Russian police officials accused of running an extortion racket want to arrest a London-based businessman on tax evasion charges.
Hermitage Capital, a British investment fund which used to be the largest portfolio investor in Russia until it was hit by a major tax scam, said today that Interior Ministry officials in Moscow were seeking an arrest warrant for Ivan Cherkasov, 41, a senior executive at the company’s UK offices.
Similar charges were brought against Sergei Magnitsky, a whistle-blowing Moscow lawyer who was hired by Hermitage Capital to investigate corrupt state officials. He ended up dying in custody in a case that has become an international cause celebre for those campaigning against official corruption inside Russia.
Hermitage claims it was the victim of a fraudulent £140m tax refund scam orchestrated by a consortium of corrupt officials who then oversaw the arrest and death of Mr Magnitsky when he named those involved.
The US, Europe and Canada have moved to place sanctions on the movements and overseas holdings of 60 officials who are alleged to be behind the scam. Last week a commission appointed by Russian president Dmitri Medvedev found that the charges against Mr Magnitsky had been entirely fabricated, although no arrests of the corrupt officials have yet been made.
Instead those named as being behind the tax scam appear to be using the Russian judicial system to hit back by issuing their own arrest warrants.

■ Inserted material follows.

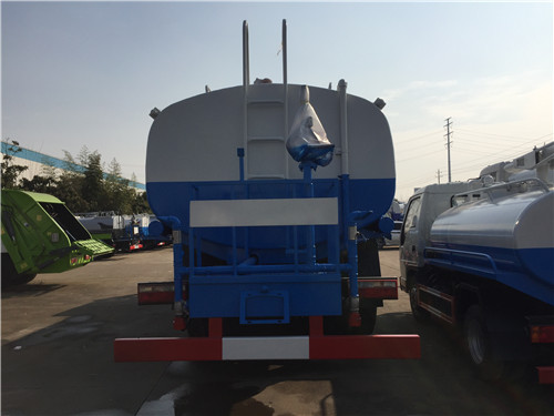 3、側(cè)噴、后灑――位于灑水車后工作平臺左右兩側(cè),側(cè)噴,即向側(cè)面噴灑的裝置,后灑,則是向后部噴灑的裝置,兩者水流形態(tài)都呈扇形,常用于道路壓塵降溫加濕,噴出的水薄而均勻,可避免噴灑后污水橫流的現(xiàn)象。

In a statement released this morning, Hermitage Capital said Lieutenant Oleg Silchenko, the interior ministry investigator who oversaw Mr Magnitsky’s incarceration, was planning to file an arrest warrant application for Mr Chersakov at a Moscow district court today. According to petition papers the arrest is sought for tax evasion charges.
The move comes two weeks after friends of Mr Magnitsky and Hermitage Capital published a 45-minute documentary on the internet detailing the alleged scam and naming individuals thought to be behind it.
The documentary, which has been watched more than 350,000 times on YouTube, also alleged that at least £26m of the money siphoned from Hermitage Capital has since been laundered through real estate deals in Russia, Montenegro and Dubai. Swiss prosecutors have since opened their own investigation into the deals after it emerged that many of the transactions took place through Credit Suisse accounts.
Speaking to The Independent yesterday, Hermitage Capital’s founder William Browder said he believed the arrest warrant for Mr Chersakov was retaliation for their decision to publish their own indictment online.
"Clearly our expose has caused significant upset within the ranks of this criminal syndicate to the extent that we've shocked them into retaliation," he said. “This is an escalation in the attack on us. The next logical step would be for the same corrupt officers to misuse the Interpol system or the extradition process in an attempt to further deflect attention away from the government corruption which we exposed. It shows that no-one is in control of Russia’s judicial system.”
In a statement released yesterday, Mr Chersakov, who says he has been unable to travel to Russia for the past three years, denied the allegations against him and said they were proof that Russia’s judiciary is routinely exploited by corrupt officials to hit back at those who expose corruption.
"The highest levels of law enforcement in Russia have been abusing their offices for political, criminal and retaliatory purposes since this whole saga began,” he said. “It is being done shamelessly, and the whole world watches on in amazement. Either the Russian President and Prime Minister are powerless to fight officials who are stealing enormous amounts of state money, or they are direct beneficiaries. Either way, it is a terrible condemnation of what is happening in my country."
Hermitage Capital initially made millions from the economic boom in Russia during the early half of the last decade as Moscow opened up to foreign investors. But Mr Browder’s propensity to publicly highlight official corruption earned his company powerful enemies.
In 2007 police raided two subsidiaries of Hermitage Capital and seized corporate records and stamps. The following year Mr Magnitsky uncovered that control of the companies had been transferred – Mr Browder says stolen – and that they were applying for a £140m tax refund. The refund was granted within the space of a day at a small court outside of the capital and deposited in a Russian bank that has since gone out of business.